Czarownice zostały schwytane i zgniecione w twardych rękach skalnych
golemów. Zamek jednak bronił się zaciekle, a królowa wysyłała do obrony,
coraz to nowe siły. Golemy też nie dawały za wygraną. Kazały schować
się królewiczowi tak, aby nic mu się nie stało a same zaczęły atakować
zamek. Królowa nie mogła tego znieść i rozkazała wytoczyć potężną
armatę nabitą niezwykle groźnym, bo zaczarowanym przez wielkiego
czarnoksiężnika ładunkiem. Golemy walczyły dz5eln5e3 ale gdy jeden z
nich dostał zaczarowaną kulą armatnią i upadł na ziemię, szala
zwycięstwa przechyliła się na stronę złej królowej. Drugi golem na widok
padającego brata poderwał się do szaleńczego ataku i zburzył zamek. Zła
królowa wraz z wojskiem poległa pod gruzami a wszyscy mieszkańcy
bardzo się uradowali, bo w końcu odzyskali wolność. Golem zawołał
królewicza i zaczął płakać nad leżącym bez życia bratem. Królewicz zaś
pobiegł uwolnić królewnę. Królewna bardzo się ucieszyła i nie
rozpaczała z powodu straty matki i pięknego zamku. Razem, podeszli do
golema, aby go pocieszyć. Wtedy z pobliskiego starego lasu przyleciała
mała wróżka i uzdrowiła martwego golema. Wróżka powiedziała, że od
wielu już lat obserwowała złą królowa, ale nie była zbyt silna żeby
przeciwstawić się dwóm czarownicom. Skalni bracia podziękowali jej z
całego serca a ona odleciała. Piękna królewna też chciała wszystkim
podziękować, ale na skutek tylu doznanych wrażeń zemdlała. Królewicz
podziękował swoim skalnym przyjaciołom za pomoc w ocaleniu księżniczki.

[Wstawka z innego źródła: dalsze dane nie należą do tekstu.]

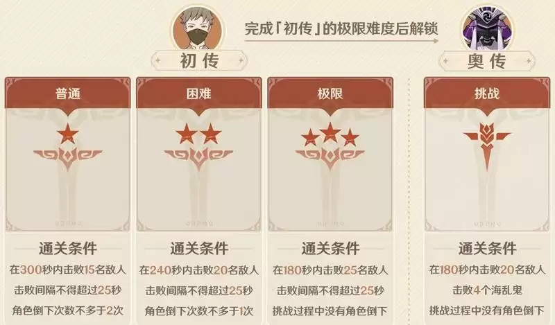 玩家需要达成幻影心流「初传」模式的「极限」难度挑战后,才可以解锁「奥传」模式的挑战。

Razem ruszyli w powrotną drogę, z królewną w pięknej kołysce na
grzbiecie białego rumaka. Na granicy krainy golemów pożegnali się a
królewicz zabrał królewnę do „Krainy szczęścia", gdzie czekali na niego
zatroskani rodzice. Na ich widok król wyprawił wspaniałą ucztę. Królewna
okazała się wspaniałą i mądrą gospodynią, a królewicz zakochał się w niej
bezpowrotnie. Wkrótce wzięli ślub i żyli długo i szczęśliwie.